> Information given:
==============================

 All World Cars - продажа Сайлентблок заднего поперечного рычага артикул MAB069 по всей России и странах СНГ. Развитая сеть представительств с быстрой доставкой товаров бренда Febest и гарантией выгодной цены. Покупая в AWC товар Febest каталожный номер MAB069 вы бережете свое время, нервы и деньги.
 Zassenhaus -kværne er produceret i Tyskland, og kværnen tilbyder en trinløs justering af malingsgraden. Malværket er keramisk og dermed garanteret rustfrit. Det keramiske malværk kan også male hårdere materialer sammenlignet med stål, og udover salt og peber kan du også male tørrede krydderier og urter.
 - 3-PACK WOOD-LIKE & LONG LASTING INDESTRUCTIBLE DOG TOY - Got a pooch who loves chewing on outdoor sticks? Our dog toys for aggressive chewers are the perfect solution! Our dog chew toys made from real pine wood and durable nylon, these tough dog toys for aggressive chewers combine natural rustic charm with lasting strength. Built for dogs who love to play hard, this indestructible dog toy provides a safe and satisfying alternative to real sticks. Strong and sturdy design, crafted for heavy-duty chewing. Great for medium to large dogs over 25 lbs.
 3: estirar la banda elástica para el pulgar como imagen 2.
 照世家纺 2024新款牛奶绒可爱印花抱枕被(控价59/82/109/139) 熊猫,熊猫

==============================

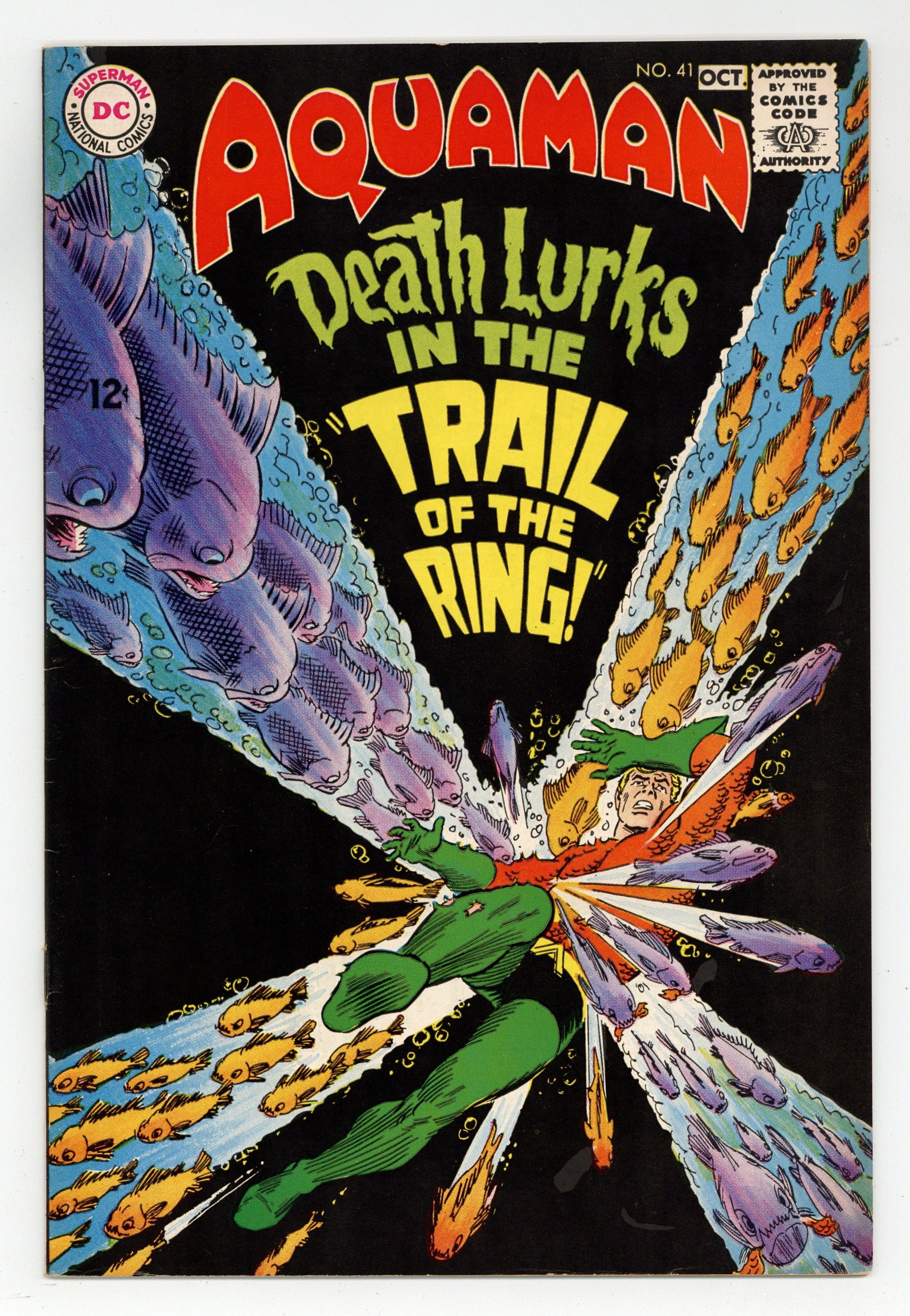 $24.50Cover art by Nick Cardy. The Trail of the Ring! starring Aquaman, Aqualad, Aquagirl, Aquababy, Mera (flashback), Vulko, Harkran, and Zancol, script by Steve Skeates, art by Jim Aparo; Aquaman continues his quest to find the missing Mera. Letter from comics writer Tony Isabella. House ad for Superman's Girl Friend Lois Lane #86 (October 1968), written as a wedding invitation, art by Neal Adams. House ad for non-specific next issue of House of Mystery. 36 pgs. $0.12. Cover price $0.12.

==============================

> Prompt:
What are the lines, exactly as written above, from the line with "3: estirar la" to the line with "照世家纺 2024新款牛奶绒可爱印花抱枕被(控价59/82/109/139) 熊猫,熊猫", both included? Output only those.

> Output of the exercise:
 3: estirar la banda elástica para el pulgar como imagen 2.
 照世家纺 2024新款牛奶绒可爱印花抱枕被(控价59/82/109/139) 熊猫,熊猫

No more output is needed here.